22. Because with is you have made the heart of the righteous sad, whom I have not made sad; and strengthened the hands of the wicked, that he should not return from his wicked way, by promising him life;
23. Therefore you shall see no more vanity, nor divine divinations: for I will deliver my people out of your hand; and you shall know that I am the Lord.
23. Propterea mendacium non videbitis, et divinationem non divinabitis amplius: et eruam populum meum e manu vestra: et scietis quod ego Iehovah.
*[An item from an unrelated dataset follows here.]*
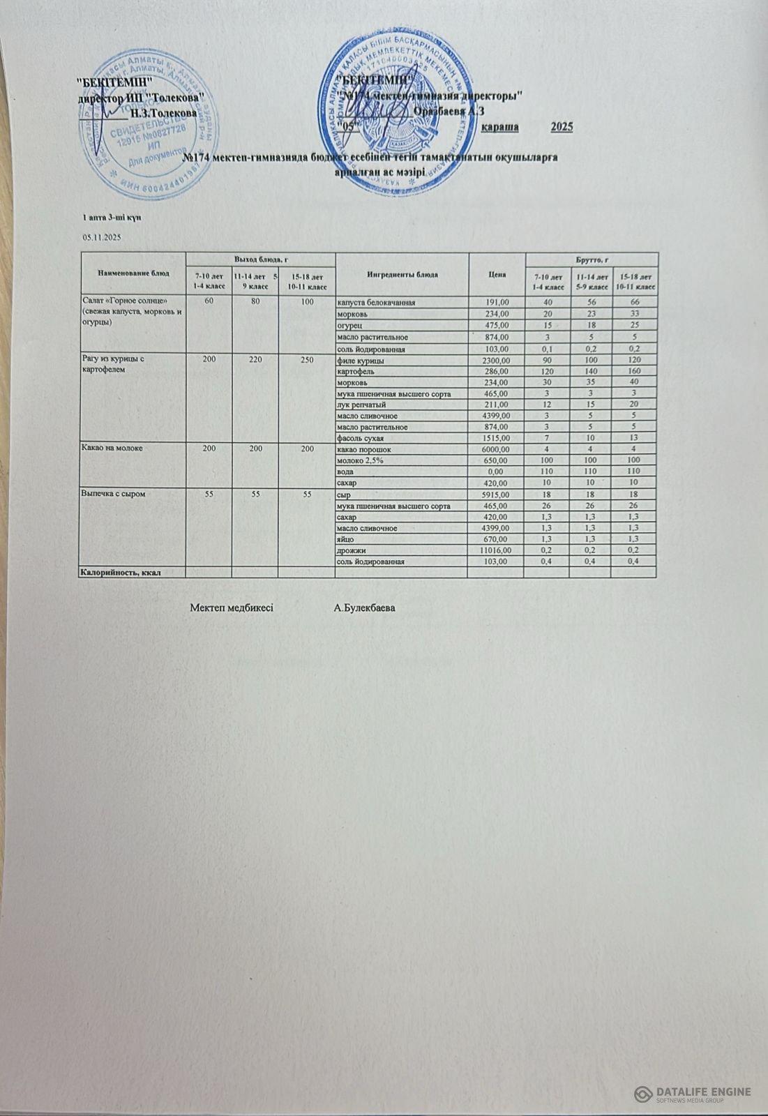 Ыстық тамақты ұйымдастырудың жұмыс жоспары

He explains in other words what we saw yesterday: but the repetition adds to the weight of the matter. The Prophet therefore shows that he had a just cause of complaint, because the women so deceived the people. He says now that they made the heart of the righteous sad, and strengthened the hands of the wicked: the sentiment is the same, though the words are changed. He had previously said that they gave life to those devoted to death, and slew those destined to life; but now he shows more clearly the meaning of killing the soul that should not, or ought not to die, when the heart of the righteous is made sorrowful. By the righteous he means those whom the false prophets inspired with causeless terror. But why, it is asked, does he say that the righteous are grieved, since we have formerly taught that no others were deceived unless those who spontaneously throw themselves into the snares and traps of Satan? I answer, that the false prophets thundered so, and their lies were so spread about here and there as to involve the simple: for they scatter their threats so as to reach all men. Hence they wound weak consciences; as at this day when the lies of Satan fly about; by which true religion is corrupted, many simple ones are frightened, for they are destitute of judgment, and do not distinguish whether God threatens, or man vaunts himself rashly.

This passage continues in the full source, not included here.